Geometry of non-Gaussianity in transient non-attractor inflation

Inflationary models predicting abundant primordial black holes (PBHs) and large amplitude of scalar-induced gravitational waves (SIGWs) often rely on amplified fluctuations over limited scales, typically driven by phase transitions, particle production, or departures from slow-roll evolution. While the power spectrum of these models has been extensively studied, higher-order correlations are much less understood. Motivated by the complex physics involved and the fact that PBH and SIGW formation are both sensitive to non-linearities, we present a detailed study of the bispectrum as the leading non-linear effect in these scenarios. We refer to the scale- and shape-dependence of the bispectrum collectively as its geometry; and define a scale-dependent shape correlator to disentangle the two dependencies. Generally, we find that for the scales most affected by phase transitions and particle production (including the power spectrum peak), the bispectrum is strongest near the equilateral configuration, while non-attractor phases tend to produce correlations near the squeezed configuration. We further propose a simplified bispectrum estimator, resembling local-type non-Gaussianity but with scale-dependent amplitude, that captures the main features of the full bispectrum. As an implication of our results, we show that incorporating the bispectrum significantly broadens the range of scales with a substantial probability of large smoothed density contrasts compared to linear analysis. This suggests that non-linearities can alter not only PBH abundance and SIGW amplitude but also their mass and frequency spectra. In particular, and in contrast with the usual assumption, our results hint that the second-highest peak of the power spectrum may produce more PBHs than the highest peak.

💡 Research Summary

This paper conducts a comprehensive analysis of the geometry of non-Gaussianity in transient non-attractor inflation models, which are prime candidates for generating abundant primordial black holes (PBHs) and scalar-induced gravitational waves (SIGWs). Recognizing that the formation of both PBHs and SIGWs is sensitive to non-linearities, the study focuses on the bispectrum as the leading non-linear effect, moving beyond the extensively studied power spectrum.
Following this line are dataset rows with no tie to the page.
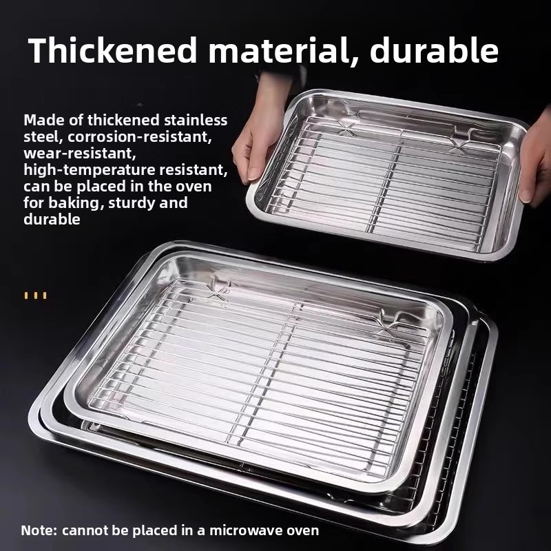 Stainless Steel Oil Drip Tray Strainer Rectangular Frying Skewer Oil Filter Pan Drain Tray Kitchen Grease Strainer Plate Reusable Drip Pan For Cooking Fry Food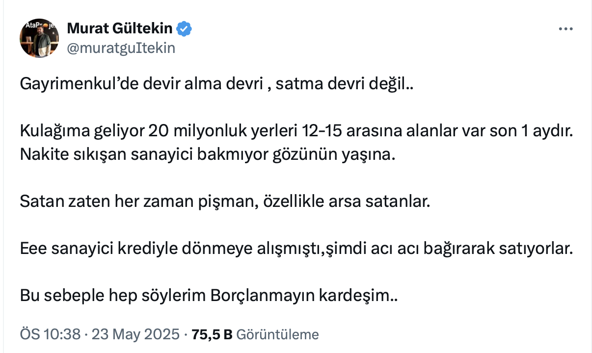 Gayrimenkul Uzmanı Murat Gültekin resmi sosyal medya hesabı https://x.com/muratguItekin üzerinden yaptığı paylaşımda “Gayrimenkul’de devir alma devri , satma devri değil” dedi.
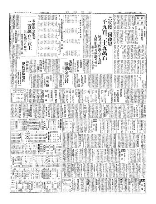 - 米收穫二回豫想(미수확이회예상) 千九百二十五萬石(천구백이십오만석)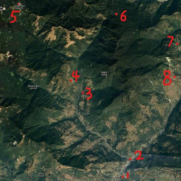 网上找的路线图Google地图截图:1Nayapul,2Birethanti,3Tikhedhunga,4Ulleri,5Ghode Pani,6Tadapani,7Ghandruk,8Ghandruk Bus Park【徒步的一些小Tips】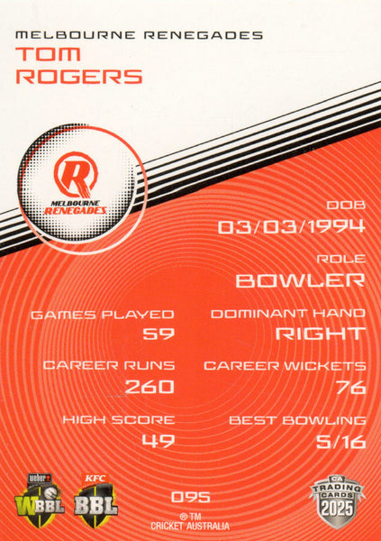 2025-26 Cricket Traders - Common - 095 - Tom Rogers - Melbourne Renegades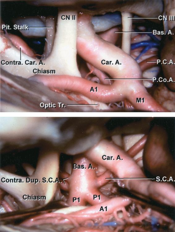 注:Contra.Dup.S.C.A.:对侧双支小脑上动脉。Chiasm:视交叉。Bas.A.:基底动脉。P1:大脑后动脉P1段。A1:大脑前动脉A1段。Car.A.:颈内动脉。S.C.A.:小脑上动脉。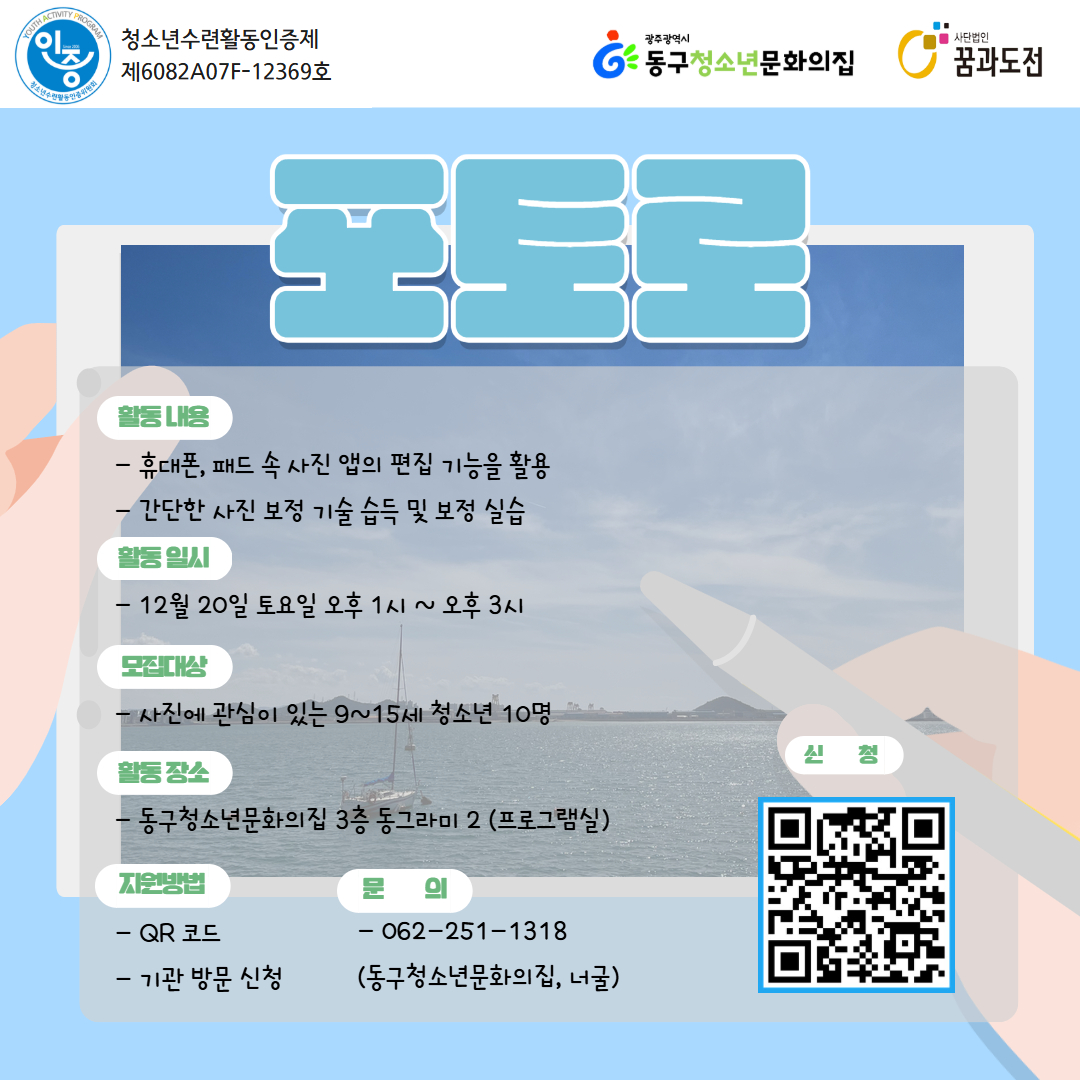 간단하게 사진 편집 용어를 알아보고 인생샷을 만들어 볼 수 있는 청소년수련활동인증제 프로그램 '포토로'의 참여자를 모집합니다!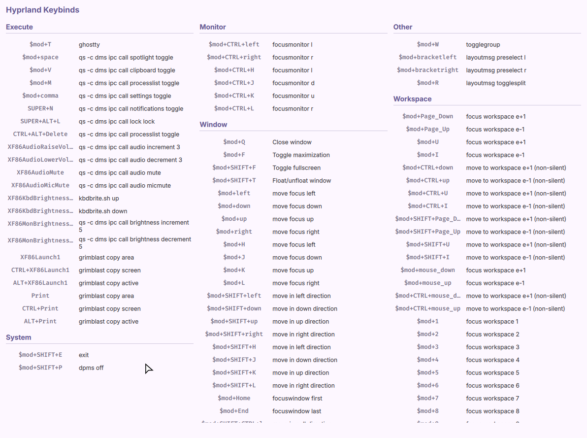 [hidden]comments to exclude certain binds - Categorizes binds by type (Window, Workspace, Execute, etc.)

The authors introduce the concept of “geometry” to collectively describe the scale- and shape-dependence of the bispectrum. To disentangle these dependencies, they define a novel scale-dependent shape correlator. This tool quantitatively measures the similarity between a given bispectrum and standard templates (local, equilateral, folded) at specific comoving scales, allowing for a systematic analysis of how the bispectrum’s configuration preference changes with scale.

The core findings are derived from analytical and numerical investigations of several motivated models, with a detailed focus on a transient ultra-slow-roll (USR) scenario. The analysis reveals a clear dichotomy:

1. For scales most affected by mechanisms like phase transitions or particle production (including the peak of the power spectrum), the bispectrum is strongest near the equilateral configuration.
2. In contrast, non-attractor phases (like USR) tend to produce correlations strongest near the squeezed configuration.
3. The folded configuration is found to be unlikely to be significant in these models.

Given the complexity of the full bispectrum, the authors propose a simplified estimator, termed a “local-like” bispectrum. This estimator resembles the local-type non-Gaussianity template but incorporates two key modifications: it includes the scale-dependence of the power spectrum, and it allows the amplitude of non-Gaussianity (f_NL) itself to be a function of scale, calculated from the full bispectrum. This estimator effectively captures the main features of the full calculation while being simpler to apply.

The cosmological implications are significant. Incorporating the bispectrum significantly broadens the range of scales with a substantial probability of producing large smoothed density contrasts compared to a linear (power spectrum only) analysis. This suggests that non-linearities can alter not only the abundance of PBHs and the amplitude of SIGWs but also their mass and frequency spectra. A particularly noteworthy result hints that the second-highest peak of the power spectrum may end up producing more PBHs than the highest peak, challenging the usual assumption that the peak scale of the power spectrum directly dictates the dominant PBH mass. This implies that non-Gaussian effects could reshape predictions for PBH and SIGW observables.

In conclusion, the work demonstrates that the bispectrum in transient non-attractor models possesses a rich and scale-dependent geometry that cannot be fully captured by a simple local-type ansatz. Properly accounting for this geometry is crucial for accurate predictions of PBH and SIGW signatures, potentially revising their expected mass and frequency distributions.